Nicht ortsansässige Betroffene, deren Person und Aufenthalt bekannt sind oder sich innerhalb angemessener Frist ermitteln lassen, sollen auf Veranlassung der Anhörungsbehörde von der Auslegung mit dem Hinweis nach Satz 2 benachrichtigt werden.

(6) Nach Ablauf der Einwendungsfrist hat die Anhörungsbehörde die rechtzeitig gegen den Plan erhobenen Einwendungen, die rechtzeitig abgegebenen Stellungnahmen von Vereinigungen nach Absatz 4 Satz 5 sowie die Stellungnahmen der Behörden zu dem Plan mit dem Träger des Vorhabens, den Behörden, den Betroffenen sowie denjenigen, die Einwendungen erhoben oder Stellungnahmen abgegeben haben, zu erörtern. Der Erörterungstermin ist mindestens eine Woche vorher ortsüblich bekannt zu machen. Die Behörden, der Träger des Vorhabens und diejenigen, die Einwendungen erhoben oder Stellungnahmen abgegeben haben, sind von dem Erörterungstermin zu benachrichtigen. Sind außer der Benachrichtigung der Behörden und des Trägers des Vorhabens mehr als 50 Benachrichtigungen vorzunehmen, so können diese Benachrichtigungen durch öffentliche Bekanntmachung ersetzt werden. Die öffentliche Bekanntmachung wird dadurch bewirkt, dass abweichend von Satz 2 der Erörterungstermin im amtlichen Veröffentlichungsblatt der Anhörungsbehörde und außerdem in örtlichen Tageszeitungen bekannt gemacht wird, die in dem Bereich verbreitet sind, in dem sich das Vorhaben voraussichtlich auswirken wird; maßgebend für die Frist nach Satz 2 ist die Bekanntgabe im amtlichen Veröffentlichungsblatt. Im Übrigen gelten für die Erörterung die Vorschriften über die mündliche Verhandlung im förmlichen Verwaltungsverfahren (§ 67 Abs. 1 Satz 3, Abs. 2 Nr. 1 und 4 und Abs. 3, § 68) entsprechend. Die Anhörungsbehörde schließt die Erörterung innerhalb von drei Monaten nach Ablauf der Einwendungsfrist ab.

(7) Abweichend von den Vorschriften des Absatzes 6 Satz 2 bis 5 kann der Erörterungstermin bereits in der Bekanntmachung nach Absatz 5 Satz 2 bestimmt werden.

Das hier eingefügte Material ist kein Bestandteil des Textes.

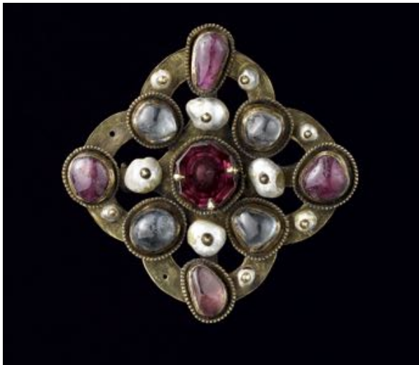
Broche en argent doré, saphirs, rubis, grenats et perles issues du trésor de Colmar

Dès le Moyen-Age, apparaissent aussi toutes les nuances du grenat venant alors du Sri Lanka et d'Inde ainsi que le rubis d'un rouge profond et l' améthyste avec sa brillance violette.

(8) Soll ein ausgelegter Plan geändert werden und werden dadurch der Aufgabenbereich einer Behörde oder einer Vereinigung nach Absatz 4 Satz 5 oder Belange Dritter erstmals oder stärker als bisher berührt, so ist diesen die Änderung mitzuteilen und ihnen Gelegenheit zu Stellungnahmen und Einwendungen innerhalb von zwei Wochen zu geben; Absatz 4 Satz 3 bis 6 gilt entsprechend. Wird sich die Änderung voraussichtlich auf das Gebiet einer anderen Gemeinde auswirken, so ist der geänderte Plan in dieser Gemeinde auszulegen; die Absätze 2 bis 6 gelten entsprechend.

(9) Die Anhörungsbehörde gibt zum Ergebnis des Anhörungsverfahrens eine Stellungnahme ab und leitet diese der Planfeststellungsbehörde innerhalb eines Monats nach Abschluss der Erörterung mit dem Plan, den Stellungnahmen der Behörden und der Vereinigungen nach Absatz 4 Satz 5 sowie den nicht erledigten Einwendungen zu.